# Nightmare mats on lower leg, feet, top of ears :-(



## Sam1 (Mar 6, 2012)

So i feel awful! After all that snow we had his fur on the above areas are like huge tight wool balls. Not good, i thought i was keeping on top if it. Doesn't help i recently found out that the husband doesn't brush him through before sticking him in the bath after a muddy walk! Grrr
To make matters worse i cant get him into the groomers until the 24th! 
HELP! What can i do? Will mat breakers get through them or will he need clipping? 
Huge advice needed....i feel awful :-(


----------



## DB1 (Jan 20, 2012)

Poor you, honestly even when you think you are keeping on top of things they seem to appear from nowhere. I would use a mikki matt splitter, I dont find the matt breaker that good for big matts, the splitter is a hook with a small razor on the inside - you hook it under the matt then cut through it from underneath,in you can cut through it with scissors as well, then brush through with a slicker brush.

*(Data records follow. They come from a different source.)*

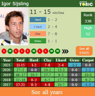 Sijsling has a favorable win-loss record in the last 10 years having won 58% of his matches (300-217). 7-8 on clay in 2021. Talking about his performance on the same surface of this event, Sijsling has an aggregate 82-72 win-loss record in the last years on clay.
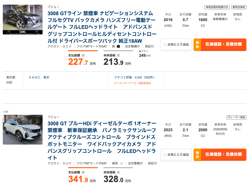 2023年 新車保証期間中のプジョー 3008 GT ブルーHDi ディーゼルターボ 入荷!
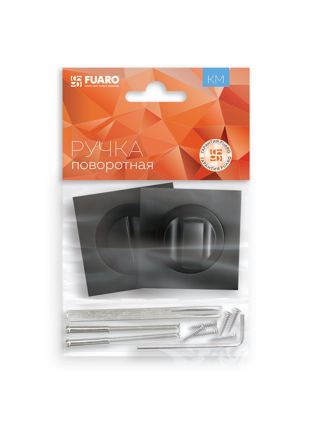Ручка дверная межкомнатная:Прямые линии, безупречная эргономика и лаконичный дизайн в стиле hi-tech свойственны дверным ручкам серии KM. Дверная ручка на раздельном основании Fuaro SAMPLE KM на квадратном основании подходит для установки на внутренние входные и межкомнатные двери. Максимальная масса двери 60 кг. Посадочные размеры оснований совместимы со всеми типами межкомнатных механизмов. Материал изготовления: ZAMAK (сплав цинка, алюминия, магния и меди). Гальваническое покрытие прошло тест на устойчивость к коррозии в соляном тумане - более 96 часов. Ресурс работы дверных ручек более 150 000 циклов открывания/закрывания, что гарантирует безотказную работу двери более чем на 10 лет. Стяжные винты в комплекте обеспечивают более прочное крепление на полотне двери, подходят для установки на двери толщиной 35-55 мм. Цвет: графит. В комплект входят: стяжные винты, соединительный квадрат 8x105 мм, саморезы, фиксирующие винты, шестигранник.
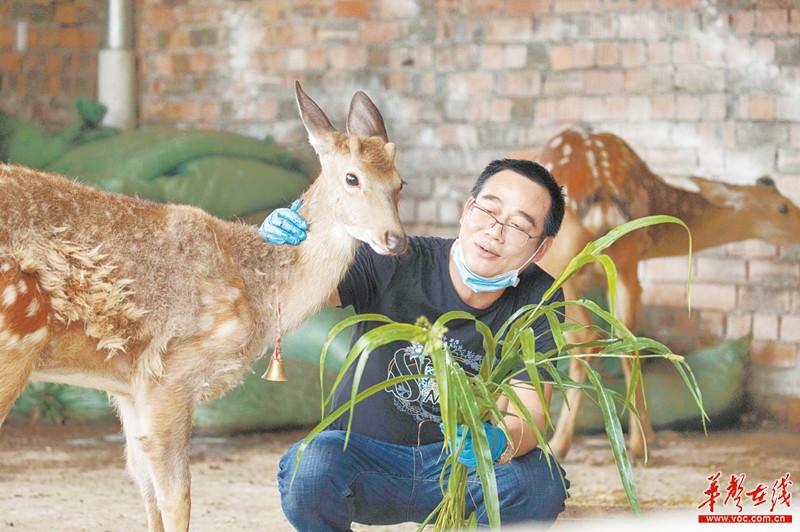 7月2日,东安县舜管局西岭工区银杏园鹿苑,饲养员在给梅花鹿喂食。近年来,东安县发展特色养殖,建立梅花鹿养殖基地,通过“企业+景区+农户”经营模式,让更多人分享梅花鹿产业红利,带动群众增收致富。
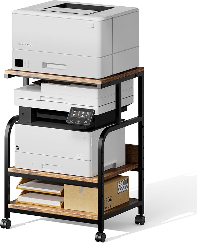 - 【Customizable Height for Versatile Storage】 Transform your compact workspace with 5-level adjustable height (9.45" range) on the middle shelf! Perfectly adapt for bulky laser printers, 3D printer stands, or mini fridge stands by tailoring tier spacing. Measuring 19.68”Wx15.75”Dx27.55”H, this space-saving printer table for home office maximizes vertical storage without sacrificing mobility. Industrial steel frame and 110 lb/shelf capacity ensure wobble-free stability even during high-volume printing. Optimize tight spaces as a mobile printer cart or under desk printer stand!
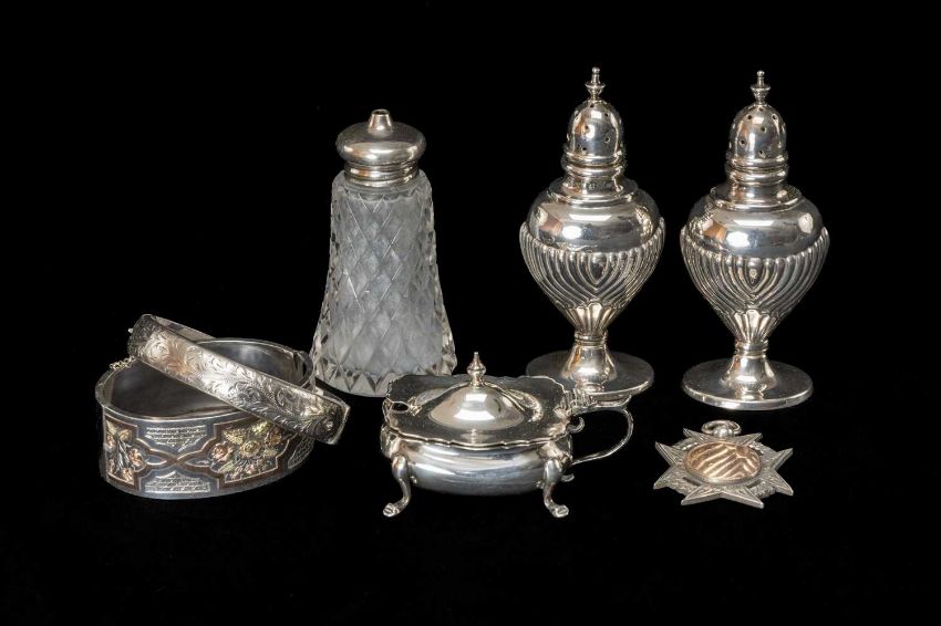 ASSORTED SILVERWARE including Victorian silver and gold-mounted Maltese cross watch fob 40mm (diam.), two hinged bracelets (one with applied gold accents), pair pepperettes, mustard and cut glass salt (7)Provenance: private collection GlamorganComments: one bracelet with damaged hinge
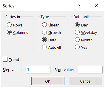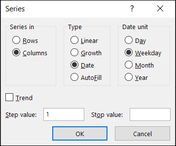 Step 4: In the Series dialog box, choose Date under Type and select the appropriate Date unit (e.g., Day, Weekday, Month, or Year). Enter the Step value based on how you want the dates to increment. Click OK to autofill the dates.
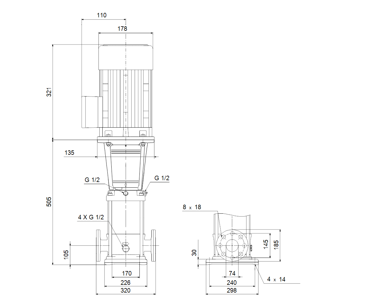 Вертикальный многоступенчатый центробежный насос свсасывающим инапорным патрубками, расположенными наодном уровне («ин-лайн»), что обеспечивает возможность установки вгоризонтальной однотрубной системе. Части насоса, контактирующие сжидкостью, выполнены извысококачественной нержавеющей стали. Картриджное уплотнение вала обеспечивает высокую надежность, безопасное использование илегкий доступ для обслуживания. Вращение передается через разъемную муфту. Соединение трубопровода выполняется спомощью фланцев стандарта DIN. Насос оснащен асинхронным 3-фазным электродвигателем налапах, своздушным охлаждением.
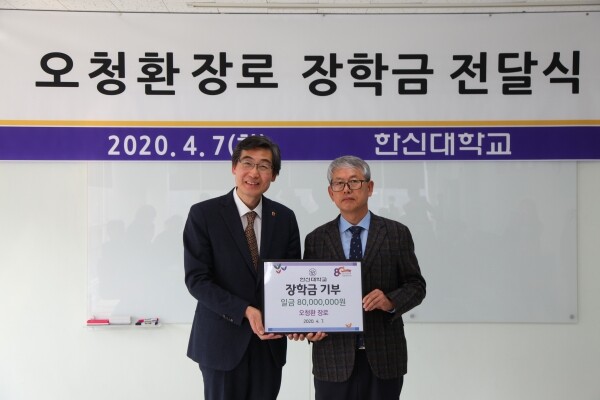 [대학저널 이효정 기자] 한신대학교(총장 연규홍)는 지난 7일 서울캠퍼스에서 ‘오청환 장로 장학금’ 약정식을 가졌다. 한국기독교장로회 전국장로회연합회 장학위원회 총무로 봉사 중인 오청환 장로는 훌륭한 목회자 양성에 써달라며 앞으로 10년에 걸쳐 총 8천만 원의 장학금을 약정했다.

If the matts around the ear are underneath and in an area that doesn't show I would just cut the whole matt out, I had to do that once, you just have to keep on top of brushing that area afterwards.


----------



## Emily+Harry (Mar 31, 2012)

I have had the same issue myself with Rudi's legs and ears and so I would just clip them out and then start a fresh as they say  x


----------



## lady amanda (Nov 26, 2010)

legs are really hard to brush out..well with Lady they are as she hates me brushing her legs...sometimes it is better for them to just get them shaved and start new...kinder on their skin


----------